◆ What you will do ◆
Below is a listing; retype exactly the lines between the one containing "CzuCzu Puzzle Skladám" and the one containing "Tuy nhiên, niềm", inclusive, minus the pictures.

◆ Data extracts ◆

┄┄┄┄┄┄

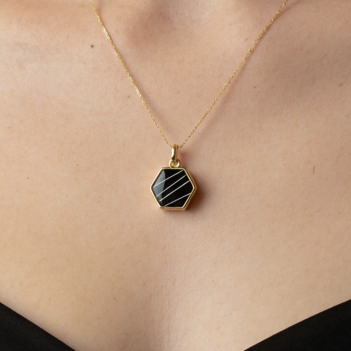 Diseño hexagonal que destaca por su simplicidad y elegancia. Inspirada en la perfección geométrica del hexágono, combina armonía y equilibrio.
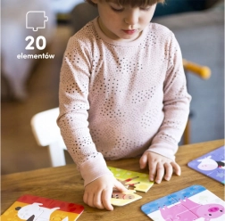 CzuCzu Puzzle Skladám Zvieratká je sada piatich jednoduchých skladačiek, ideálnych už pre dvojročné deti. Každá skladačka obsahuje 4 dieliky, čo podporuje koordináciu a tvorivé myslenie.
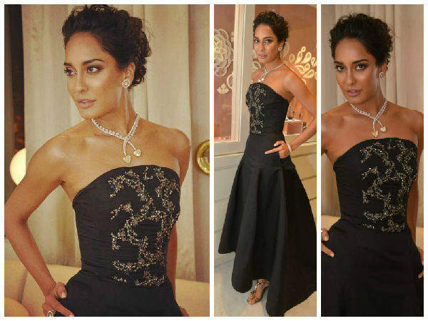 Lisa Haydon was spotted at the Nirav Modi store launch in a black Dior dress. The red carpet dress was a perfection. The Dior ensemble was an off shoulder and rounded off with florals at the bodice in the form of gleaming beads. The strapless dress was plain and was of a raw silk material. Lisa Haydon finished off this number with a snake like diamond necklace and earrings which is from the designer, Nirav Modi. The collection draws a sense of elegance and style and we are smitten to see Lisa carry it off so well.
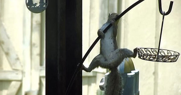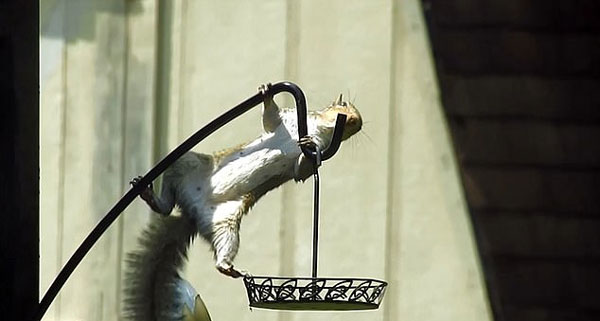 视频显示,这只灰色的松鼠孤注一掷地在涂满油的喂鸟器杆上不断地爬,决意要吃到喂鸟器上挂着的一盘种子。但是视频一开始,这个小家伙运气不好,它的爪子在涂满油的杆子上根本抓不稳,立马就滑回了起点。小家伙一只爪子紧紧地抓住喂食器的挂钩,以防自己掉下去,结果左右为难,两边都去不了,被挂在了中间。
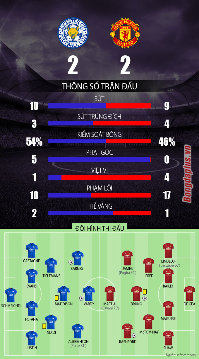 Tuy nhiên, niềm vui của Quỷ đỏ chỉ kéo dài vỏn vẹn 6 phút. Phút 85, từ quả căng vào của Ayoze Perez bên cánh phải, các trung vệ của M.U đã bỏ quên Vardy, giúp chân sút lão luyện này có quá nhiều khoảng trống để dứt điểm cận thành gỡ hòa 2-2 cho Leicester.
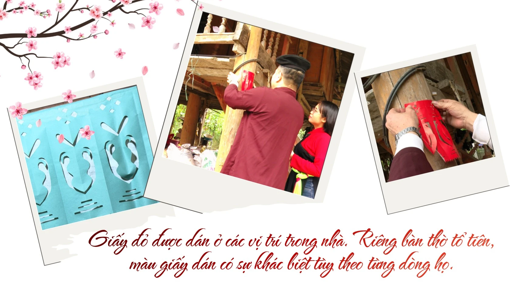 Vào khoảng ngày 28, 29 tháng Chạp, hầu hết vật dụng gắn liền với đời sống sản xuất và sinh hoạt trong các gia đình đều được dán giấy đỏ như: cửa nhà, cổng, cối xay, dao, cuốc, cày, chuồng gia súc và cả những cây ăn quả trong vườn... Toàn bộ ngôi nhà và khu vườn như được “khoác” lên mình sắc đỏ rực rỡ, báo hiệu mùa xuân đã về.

┄┄┄┄┄┄

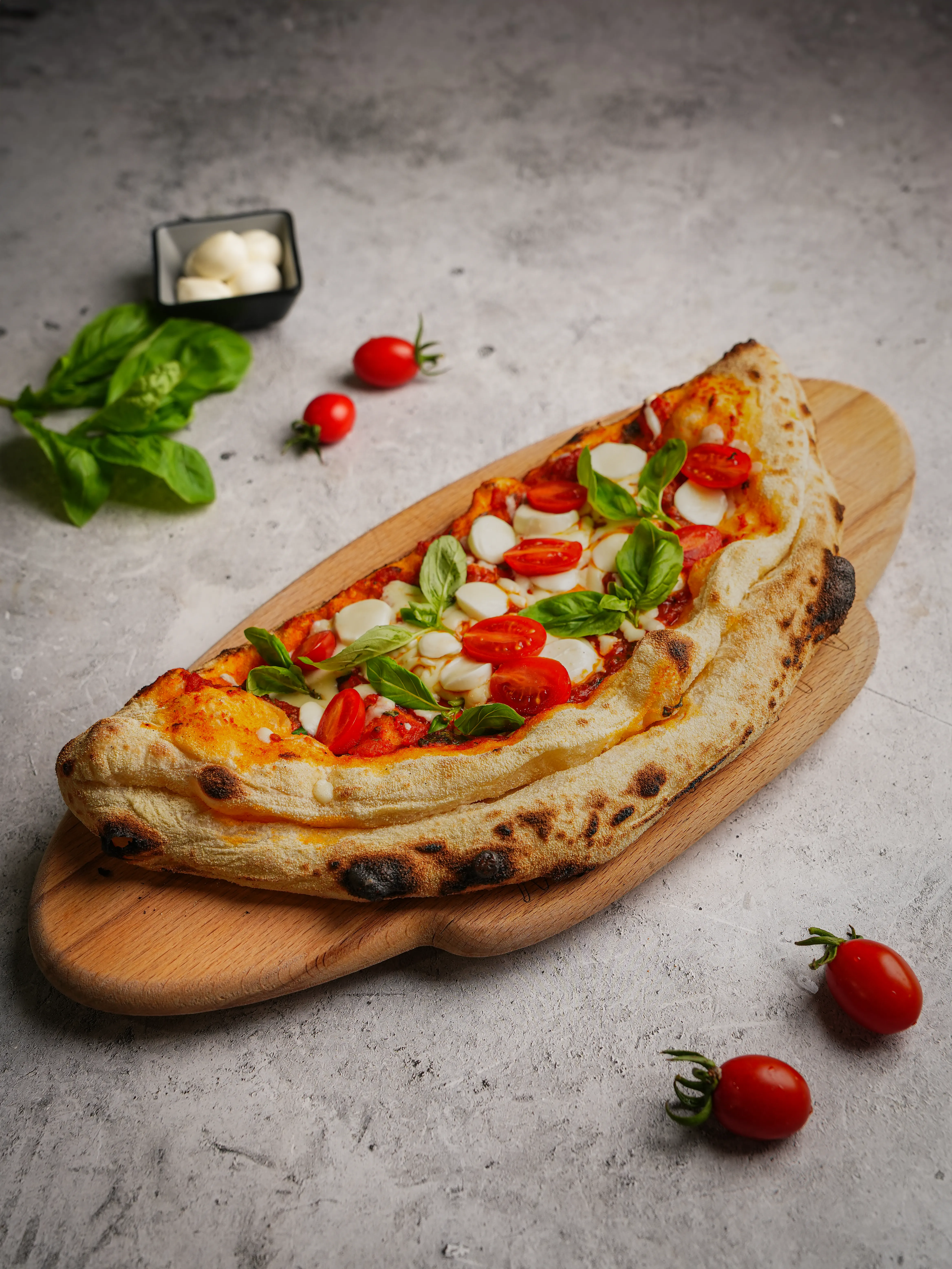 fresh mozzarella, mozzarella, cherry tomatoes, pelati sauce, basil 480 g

┄┄┄┄┄┄

◆ Task solution ◆
 CzuCzu Puzzle Skladám Zvieratká je sada piatich jednoduchých skladačiek, ideálnych už pre dvojročné deti. Každá skladačka obsahuje 4 dieliky, čo podporuje koordináciu a tvorivé myslenie.
 Lisa Haydon was spotted at the Nirav Modi store launch in a black Dior dress. The red carpet dress was a perfection. The Dior ensemble was an off shoulder and rounded off with florals at the bodice in the form of gleaming beads. The strapless dress was plain and was of a raw silk material. Lisa Haydon finished off this number with a snake like diamond necklace and earrings which is from the designer, Nirav Modi. The collection draws a sense of elegance and style and we are smitten to see Lisa carry it off so well.
 视频显示,这只灰色的松鼠孤注一掷地在涂满油的喂鸟器杆上不断地爬,决意要吃到喂鸟器上挂着的一盘种子。但是视频一开始,这个小家伙运气不好,它的爪子在涂满油的杆子上根本抓不稳,立马就滑回了起点。小家伙一只爪子紧紧地抓住喂食器的挂钩,以防自己掉下去,结果左右为难,两边都去不了,被挂在了中间。
 Tuy nhiên, niềm vui của Quỷ đỏ chỉ kéo dài vỏn vẹn 6 phút. Phút 85, từ quả căng vào của Ayoze Perez bên cánh phải, các trung vệ của M.U đã bỏ quên Vardy, giúp chân sút lão luyện này có quá nhiều khoảng trống để dứt điểm cận thành gỡ hòa 2-2 cho Leicester.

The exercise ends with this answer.